I chewed my lip. “What if it was someone at Hearthstone? An executive signing off on proposed changes?”

“It’s possible,” Lena admitted. “But if it wasn’t, if Harold was working with Hearthstone instead of against it… well, it changes everything.”

“Exactly.”

“Shit.” Lena looked at me. “You should take this to Sheriff Crowe.”

“It’s not proof it was Harold though.”

“She can sort that out,” Lena said. “It’s her job.”

“Maybe…”

“No, not maybe.” Lena’s voice was surprisingly firm. “Going to the town meeting is one thing. Nosing around the Hearthstone development is another. Don’t forget that Harold was murdered over it.”

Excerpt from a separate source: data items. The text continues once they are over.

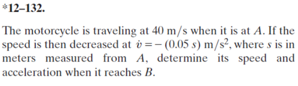 비슷한 문제이나 여기는 가속도가 위치에 관련된 식으로 나왔으니 a ds = v dv로 푼다.
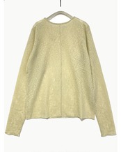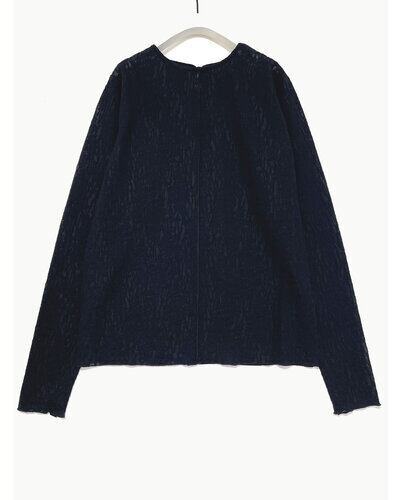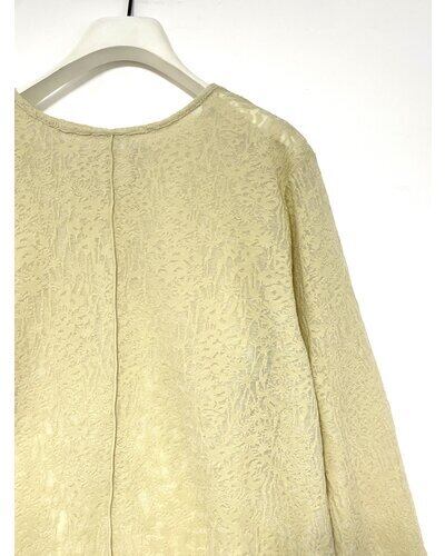 袖丈は長めに設計し、袖口でくしゅっとたまるような設計にしました。要所にメロウ始末を施すことでデザインポイントに。
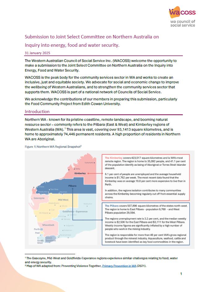 The Western Australian Council of Social Service Inc. (WACOSS) welcomes the opportunity to make a submission to the Joint Select Committee on Northern Australia on the Inquiry into Energy, Food and Water Security.
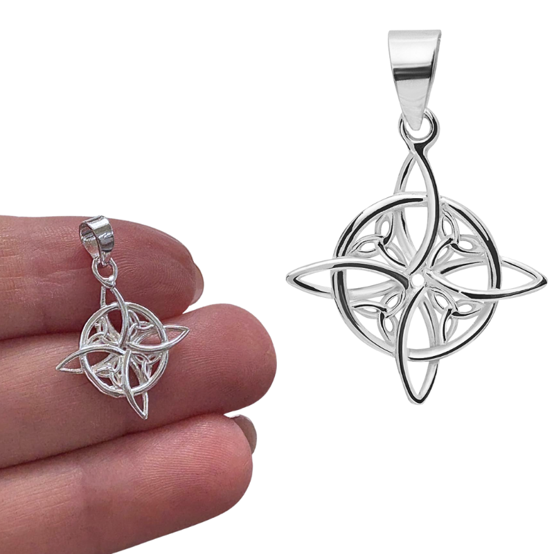 Colgante fabricado en plata de ley 925 mm, en forma de nudo de la bruja, con cuatro triquetas en cada esquina del nudo. Amuleto protector de malas energías. Se entrega en estuche de regalo. Envíos rápidos en 24-48 horas laborables a península. Dimensiones: 19 mm de de alto y ancho.

Technically we didn’t know that, but I got her point.

I tapped my foot, thinking. “I’d just feel better if I could bring her some proof the signature was Harold’s.”

Lena looked worried. “Listen, we haven’t known each other long, but tell me you’ll take this to Sheriff Crowe. It’s been a minute since I’ve had a real friend. I’d rather not lose you to some psycho killer when we’re just getting to know each other.”

“I will.”

And I would, but Sheriff Crowe had made it clear she wanted me to wash my hands of Harold’s murder. I wasn’t looking to be a hero, but if I was going to admit to ignoring the sheriff I wanted to bring her evidence, not unsubstantiated theories.

Besides, this was Blackwell Hollow. I was perfectly safe.